По тем же причинам в некоторых многоквартирных домах Нью-Йорка засилье чахотки было такое, что их прозвали «легочными кварталами». Убожество, царившее в них, наглядно запечатлел фотожурналист Якоб Риис и особенно ярко представил в эссе «Как живут остальные» (How the Other Half Lives), опубликованном в 1889 г. (рис. 15.3). В 1908 г. нью-йоркские апологеты здравоохранения спонсировали «туберкулезную выставку», которую посетило 3 млн человек. Цель выставки состояла в том, чтобы показать грязь, тесноту, мрак и затхлость, которые стали причиной туберкулеза у 30 000 горожан, обитавших в многоквартирных домах, и способствовали появлению «ужасающих образцов» разрушенных легких, которые, уже заспиртованные, были выставлены там же на всеобщее обозрение.
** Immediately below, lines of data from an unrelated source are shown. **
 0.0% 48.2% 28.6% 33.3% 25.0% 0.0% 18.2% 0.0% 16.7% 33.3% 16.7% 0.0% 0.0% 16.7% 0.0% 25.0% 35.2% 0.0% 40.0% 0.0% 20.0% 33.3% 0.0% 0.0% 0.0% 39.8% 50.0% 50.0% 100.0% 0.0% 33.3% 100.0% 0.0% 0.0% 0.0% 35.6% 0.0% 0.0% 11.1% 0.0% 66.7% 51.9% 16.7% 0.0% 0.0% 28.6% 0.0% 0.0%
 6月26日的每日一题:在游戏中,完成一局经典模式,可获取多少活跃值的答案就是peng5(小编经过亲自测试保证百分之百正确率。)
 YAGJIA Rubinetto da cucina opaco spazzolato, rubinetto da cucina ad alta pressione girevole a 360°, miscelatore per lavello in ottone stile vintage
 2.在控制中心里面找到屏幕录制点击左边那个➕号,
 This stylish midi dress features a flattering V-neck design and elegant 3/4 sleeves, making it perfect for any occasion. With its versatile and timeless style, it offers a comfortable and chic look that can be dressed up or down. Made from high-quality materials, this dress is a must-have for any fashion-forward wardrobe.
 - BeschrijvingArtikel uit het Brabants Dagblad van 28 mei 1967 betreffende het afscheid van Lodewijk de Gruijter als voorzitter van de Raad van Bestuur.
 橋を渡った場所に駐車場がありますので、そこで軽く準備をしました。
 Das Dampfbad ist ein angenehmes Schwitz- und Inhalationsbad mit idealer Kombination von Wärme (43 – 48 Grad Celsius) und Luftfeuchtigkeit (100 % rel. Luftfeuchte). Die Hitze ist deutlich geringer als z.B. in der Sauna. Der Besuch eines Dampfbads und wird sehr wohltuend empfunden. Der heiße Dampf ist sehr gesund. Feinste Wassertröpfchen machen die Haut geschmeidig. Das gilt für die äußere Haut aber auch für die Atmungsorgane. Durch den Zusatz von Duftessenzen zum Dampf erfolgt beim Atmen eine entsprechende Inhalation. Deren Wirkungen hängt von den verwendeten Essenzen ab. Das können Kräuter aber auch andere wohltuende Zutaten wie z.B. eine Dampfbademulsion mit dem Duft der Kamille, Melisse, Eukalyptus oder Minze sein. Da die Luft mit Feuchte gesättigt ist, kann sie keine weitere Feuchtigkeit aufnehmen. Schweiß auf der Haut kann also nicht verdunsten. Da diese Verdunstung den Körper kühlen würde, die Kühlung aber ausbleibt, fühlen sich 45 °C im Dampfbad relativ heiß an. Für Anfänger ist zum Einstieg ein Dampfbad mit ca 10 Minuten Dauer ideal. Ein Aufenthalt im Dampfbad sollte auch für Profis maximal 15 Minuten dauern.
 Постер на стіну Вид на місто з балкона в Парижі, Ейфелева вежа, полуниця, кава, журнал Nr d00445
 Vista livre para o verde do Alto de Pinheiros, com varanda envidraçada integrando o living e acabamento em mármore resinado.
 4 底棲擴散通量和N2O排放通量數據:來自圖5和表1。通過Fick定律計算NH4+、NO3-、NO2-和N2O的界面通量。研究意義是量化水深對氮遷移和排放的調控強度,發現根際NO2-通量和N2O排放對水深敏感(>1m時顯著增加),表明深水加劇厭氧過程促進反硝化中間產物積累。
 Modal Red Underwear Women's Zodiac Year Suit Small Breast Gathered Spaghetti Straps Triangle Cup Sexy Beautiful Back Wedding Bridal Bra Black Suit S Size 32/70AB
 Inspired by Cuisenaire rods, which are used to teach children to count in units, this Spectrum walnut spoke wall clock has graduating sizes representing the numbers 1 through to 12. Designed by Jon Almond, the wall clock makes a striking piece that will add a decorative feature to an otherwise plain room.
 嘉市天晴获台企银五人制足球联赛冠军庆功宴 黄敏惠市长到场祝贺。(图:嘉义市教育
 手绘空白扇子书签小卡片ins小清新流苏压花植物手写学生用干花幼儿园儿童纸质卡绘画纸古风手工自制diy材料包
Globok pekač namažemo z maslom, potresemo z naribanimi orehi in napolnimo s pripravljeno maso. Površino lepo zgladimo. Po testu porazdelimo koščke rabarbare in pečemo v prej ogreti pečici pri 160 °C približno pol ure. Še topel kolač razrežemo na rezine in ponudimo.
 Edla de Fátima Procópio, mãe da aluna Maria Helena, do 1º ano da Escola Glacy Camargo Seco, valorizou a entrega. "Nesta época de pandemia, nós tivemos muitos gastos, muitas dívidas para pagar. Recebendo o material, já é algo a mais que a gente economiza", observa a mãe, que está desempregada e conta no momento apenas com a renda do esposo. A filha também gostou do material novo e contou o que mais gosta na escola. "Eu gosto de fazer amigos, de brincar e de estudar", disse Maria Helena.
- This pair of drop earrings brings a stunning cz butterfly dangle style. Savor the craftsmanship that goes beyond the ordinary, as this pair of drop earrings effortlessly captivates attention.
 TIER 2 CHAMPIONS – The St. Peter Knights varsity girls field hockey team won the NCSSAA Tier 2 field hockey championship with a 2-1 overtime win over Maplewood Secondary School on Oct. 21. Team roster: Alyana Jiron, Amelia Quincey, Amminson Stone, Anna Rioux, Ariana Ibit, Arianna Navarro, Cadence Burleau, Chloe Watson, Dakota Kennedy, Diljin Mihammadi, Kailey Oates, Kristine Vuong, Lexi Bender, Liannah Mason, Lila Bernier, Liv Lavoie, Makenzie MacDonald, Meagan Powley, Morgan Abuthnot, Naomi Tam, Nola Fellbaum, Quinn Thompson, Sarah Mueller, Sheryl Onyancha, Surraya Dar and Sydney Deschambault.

Кроме того, за время выставки организаторы раздали 600 000 розовых карточек «не надо» с перечислением того, что не надо делать, когда имеешь дело с туберкулезом. В карточках были отображены два главных принципа нового подхода, предложенного Кохом: «Не заражай чахоткой других, не позволяй другим заразить чахоткой тебя». В этом отношении Нью-Йорк и другие крупные города США принципиально отличались от европейских лишь тем, что в Штатах зависимость между бедностью и болезнью имела выраженный этнический перегиб: в Нью-Йорке больше всего жертв насчитывалось среди ирландских и итальянских иммигрантов.
Другим фактором, подтолкнувшим формирование принципиально нового социального концепта туберкулеза уже после сенсационного открытия, сделанного Кохом в 1882 г., стал международный климат и растущее напряжение между европейскими державами. То были годы социального дарвинизма, соперничества империй в «драке за Африку», экономической конкуренции стран, вражды между недавно объединенной Германией и Францией, потерявшей Эльзас и Лотарингию, то было время англо-германской гонки вооружений и кристаллизации опасного конфликта между двух противоборствующих блоков: Антанты, объединившей Российскую империю, Францию и Великобританию, и Тройственного союза Германии, Австро-Венгрии и Италии. Итогом стало глубокое осознание государственной незащищенности и необходимости обеспечить подготовленность, или, как это называлось по-английски, «национальную эффективность». Легочная болезнь была серьезной помехой. Она снижала рождаемость, вредила производительности, подрывала военную мощь и отвлекала на себя драгоценные ресурсы. Получалось, что больные туберкулезом представляли опасность не только для самих себя и окружающих, но для экономического и демографического роста. Они расшатывали империю и даже ставили под угрозу выживание нации.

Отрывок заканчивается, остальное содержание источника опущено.